§ WHAT THE TASK REQUIRES
All of the data that follows should be retyped exactly, please, except the pictures.

(SUPPLIED MATERIAL Opens)

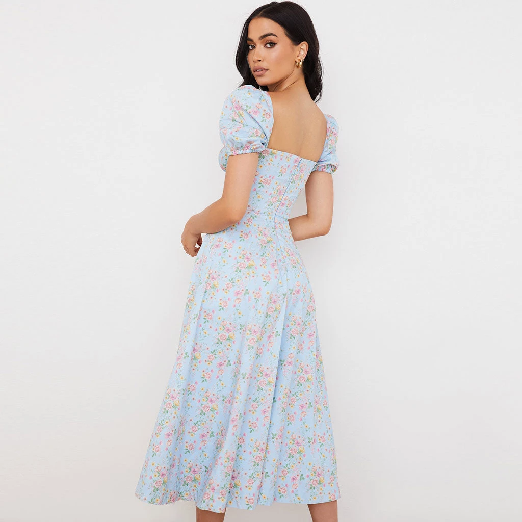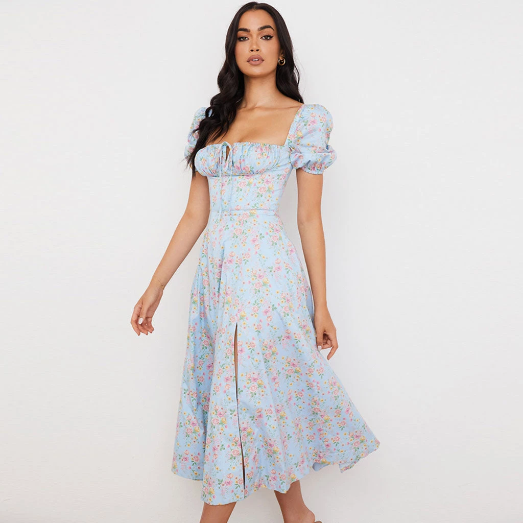 Trendy & Unique What’s New Daisy Printed Puff Sleeve High Slit Smock Maxi Sundress – Light Blue
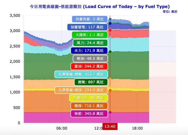 台湾地区6月1日遇到气象站设站以来的百年高温,台北市高温达摄氏38.7度,供电曲线拉出警报,备转容量仅有1.5%。但在这一天,全台新能源瞬时发电量一度以估计值3,490,000kW超过同时间核电的3,458,000kW,为台湾地区能源史上首例。 6月1日当天,台湾地区用电尖峰落在下午1点44分;而在稍早的1点40分,风力
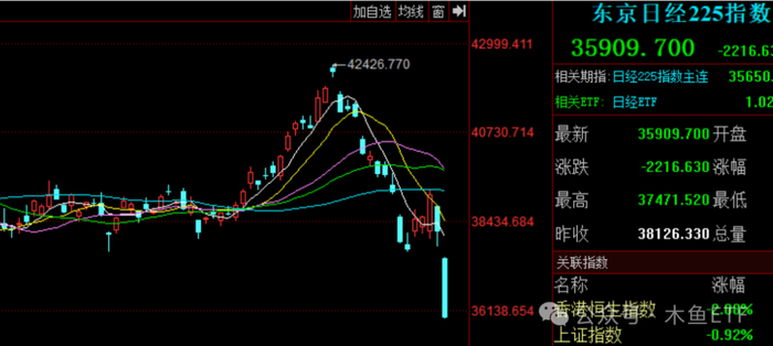 日本股市,本来就因为加息波动,现在加上美国经济衰退导致资本撤离,更是一泻千里。周五收盘大跌5.81%,其跌势之猛着实令人咂舌。

(SUPPLIED MATERIAL Closes)

§ OUTPUT FOR THIS TASK
 Trendy & Unique What’s New Daisy Printed Puff Sleeve High Slit Smock Maxi Sundress – Light Blue
 台湾地区6月1日遇到气象站设站以来的百年高温,台北市高温达摄氏38.7度,供电曲线拉出警报,备转容量仅有1.5%。但在这一天,全台新能源瞬时发电量一度以估计值3,490,000kW超过同时间核电的3,458,000kW,为台湾地区能源史上首例。 6月1日当天,台湾地区用电尖峰落在下午1点44分;而在稍早的1点40分,风力
 日本股市,本来就因为加息波动,现在加上美国经济衰退导致资本撤离,更是一泻千里。周五收盘大跌5.81%,其跌势之猛着实令人咂舌。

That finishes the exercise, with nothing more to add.